Review of 3 Godfathers

3 Godfathers (1948)
10/10
Great Ford Western
23 December 2006
I just watched this on TCM didn't even know that it was coming on and glad I did.

This is the first time I ever saw this film all the way through, before I've only caught snippets of it here and there as I flipped through the channels.

I have to honestly say run don't walk down to your nearest video retailer and get the DVD. There is really nothing not to like about this film, and its even got a tie in to Christmas! Directed by John Ford as a remake of his silent film "The Marked Men" (1919) which had already been made twice before the 1919 version, lol.

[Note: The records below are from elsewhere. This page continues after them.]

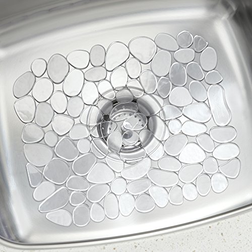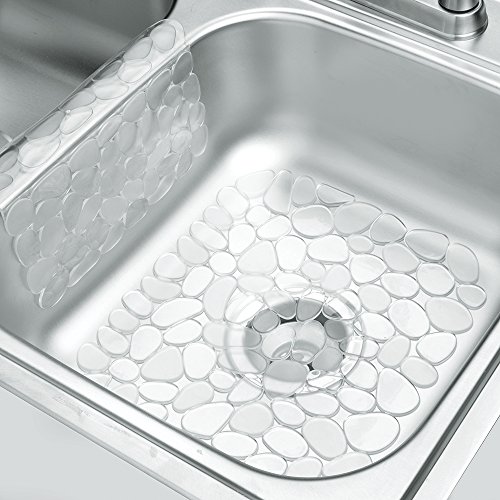 mDesign Pebbles Kitchen Sink Protector Mat and Sink Divider Protector - Clear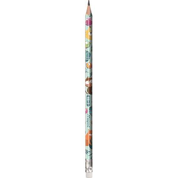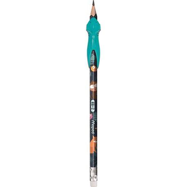 Cuki, állatmintás borítású ez a minőségi MAPED grafitceruza szett. A puha ceruzával könnyen megy a rajzolás és az írás. Formája nem a hagyományos henger, hanem fogást könnyítő háromszög. A HB keménységű grafit ceruza külseje vidám állatmintás. Végén radír található. Puha gumiból készült, cápa formájú ceruzafogóval.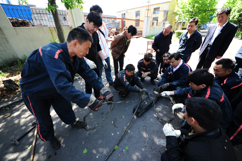 “陸老師,插接過程兩個繩頭,距離多遠(yuǎn)???”“三米?!薄安褰永K頭時一人拽住一個繩頭,這樣可以避免繩頭變亂。插接時,要抽到這個位置,另外一側(cè)也得抽到這個位置”。近日,在安徽淮北礦業(yè)海孜礦工業(yè)廣場上,技師陸建邊操作便講述邊講述操作要領(lǐng),并不時回答著現(xiàn)場發(fā)出的各類提問。10余名來自全礦各單位的職工圍站一周,仔細(xì)地看著、聽著、思考著,這是該礦“一帶一路”微課堂上的一個場景。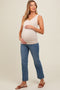 Beige Striped Button Up Long Sleeve Linen Maternity Top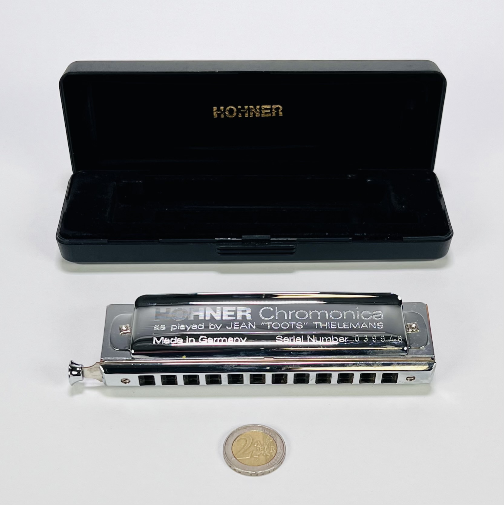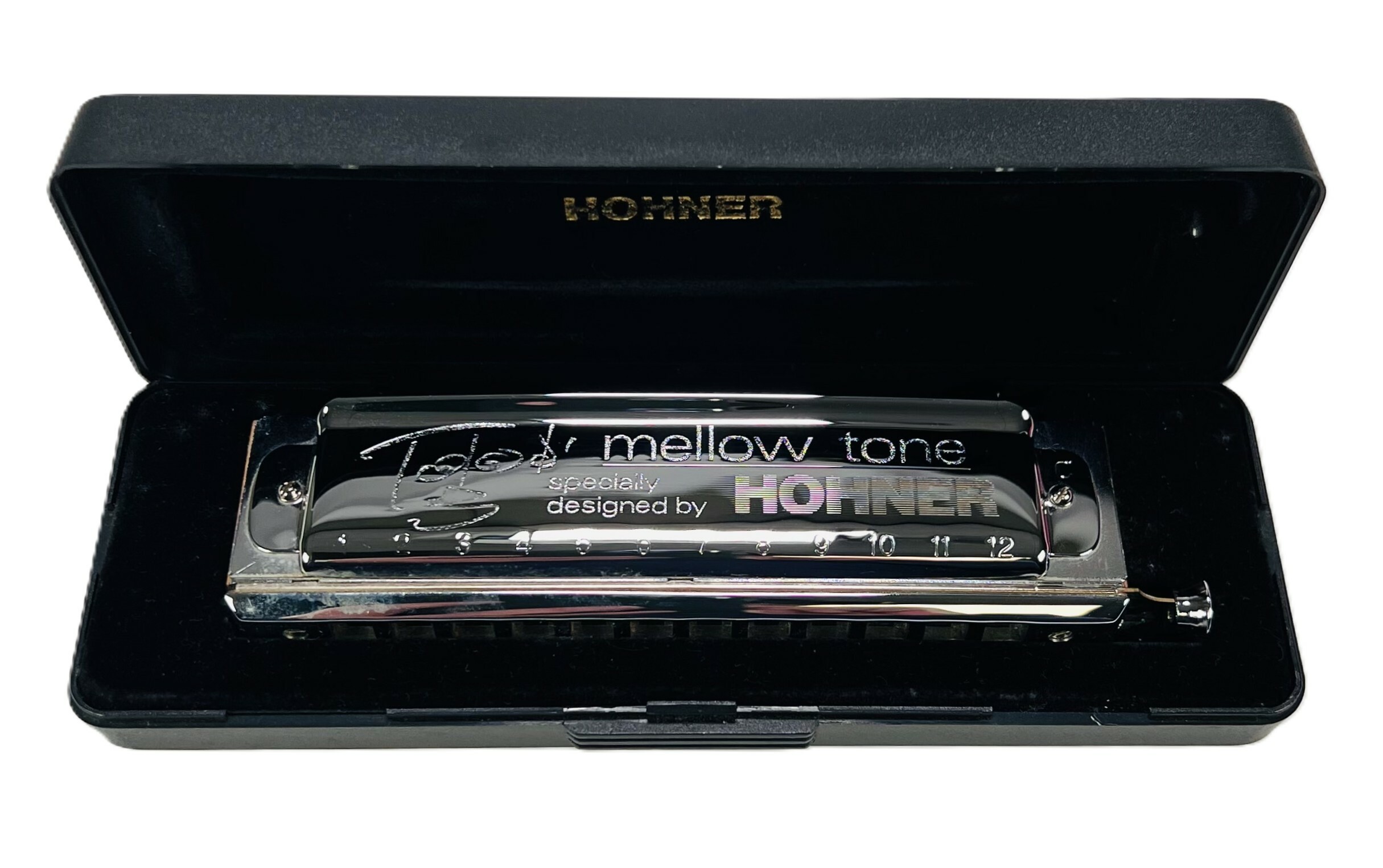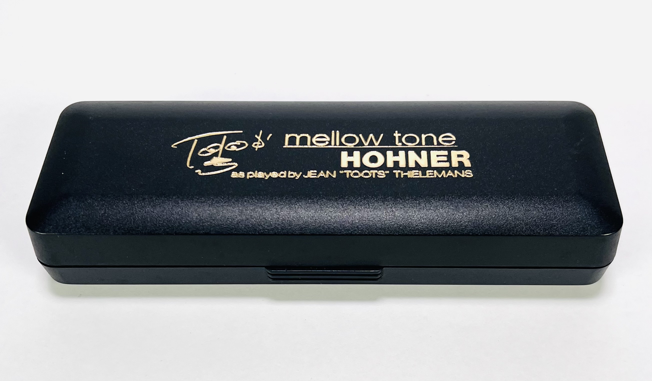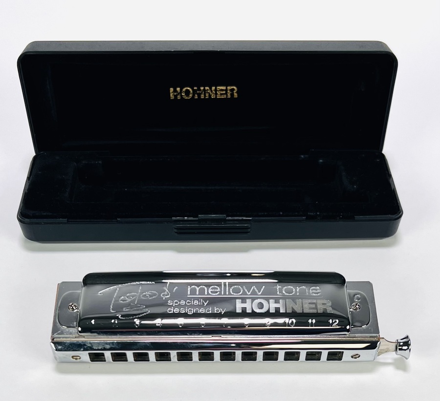 Harmonica Cromatica Hohner Toots Mellow Tone (Nota Do), 48 stemmen met wisseling. Dit model werd volgens de specificaties van Toots Thielemans gebouwd en bevatten alle functies die je voor de typische “Toots”-stijl nodig hebt. Omstreeks 2000. |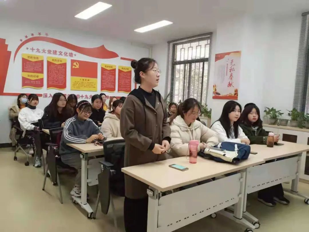 随后,学生代表分别围绕学习和生活进行分享与讨论。班长张博文疫情期间积极参与家乡疫情防控工作,以实际行动践行新时代青年大学生的爱国初心;任月婷和李丹丹同学分别结合爱国诗歌《离骚》和《满江红》,分享对爱国主义内涵的理解,同时表示爱国、爱校要从身边小事做起,将爱国之心、报国之志落到实处。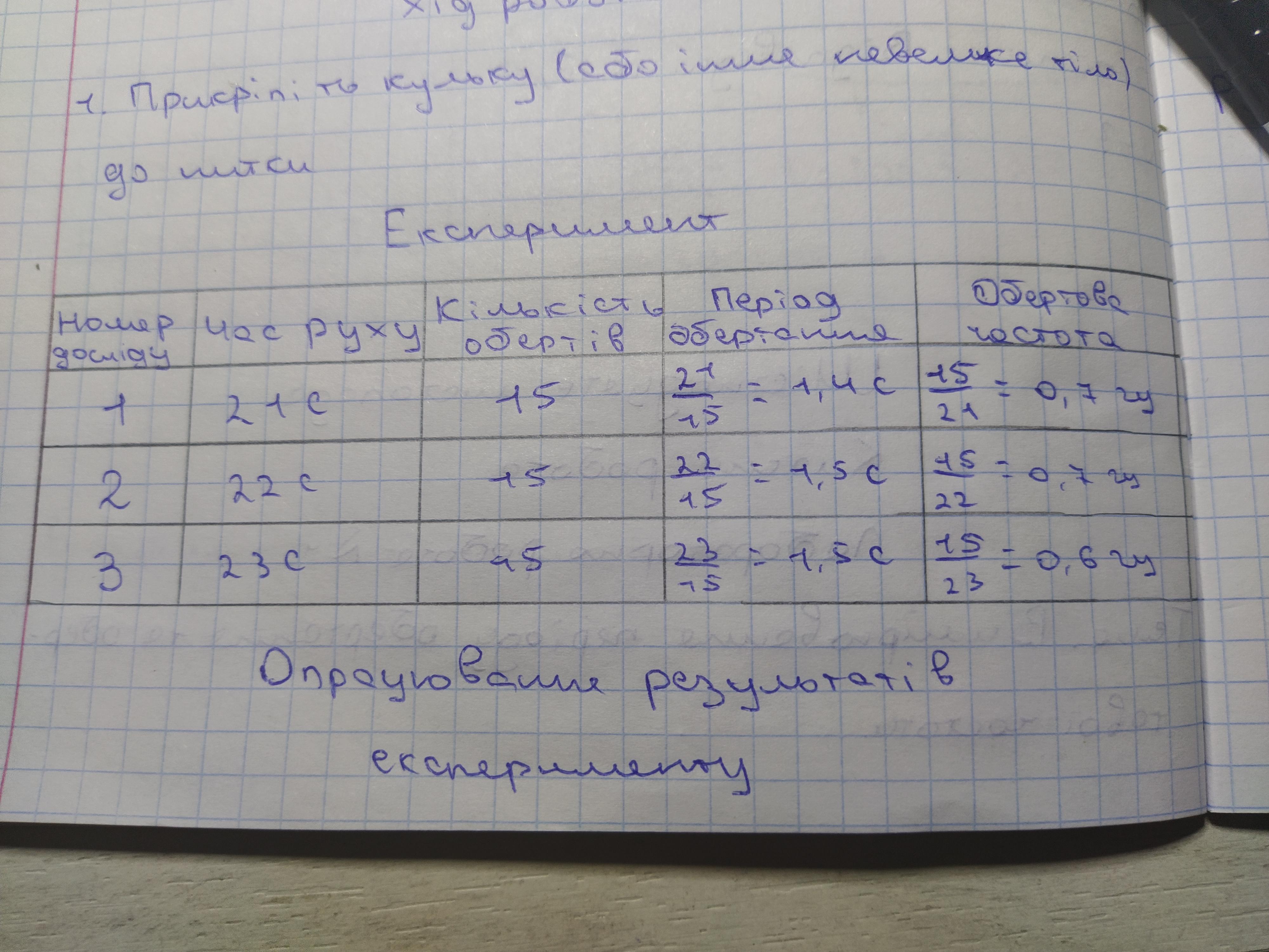 1. Візьміть за петлю нитку з тілом. Розташуйте руку над центром зображеного кола. Не змінюючи положення руки, примусьте тіло рухатися так, щоб траєкторія його руху збігалася з колом. Старайтесь не змінювати швидкість руху тіла в усіх дослідах. 2. Виміряйте час , за який здійснюється, наприклад, 10-15 обертів тіла.Дослід повторіть три рази.

It was also John Ford's first Technicolor film and its somewhat unique in that it actually doesn't use Monument Valley as its location.

It stars a lot of Ford's stable of actors, John Wayne, Harry Carry Jr., Ward Bond, Hank Worden, Ben Johnson, and actor Pedro Armendáriz who is just great in the role of one of the title's godfathers, Wayne & Carry Jr. being the others.

This film is now up there with "The Searchers" as my favorite Ford film. It doesn't have that "knock you over the head civics lesson" sermonizing that a lot of Fords films have, its got a little bit of schmaltz and melodrama in very small dollops that you can swallow & which is OK.

But don't get this expecting showdown gunfights, there aren't any, and the film still works.

Basically the story line: Three men ride into the town of New Jersusalem, Arizona to rob its bank. In the process Carry Jr. is wounded in the shoulder and looses his horse as they ride out of town into the desert, pursued by Sheriff Sweet (Bond) and posse members that include actors Worden and Johnson.

Sweet shoots the gangs water bag, that they don't discover until they are way out in the desert so they have to make for water. Sweet knows this and hops a train with the posse to the nearest water tank.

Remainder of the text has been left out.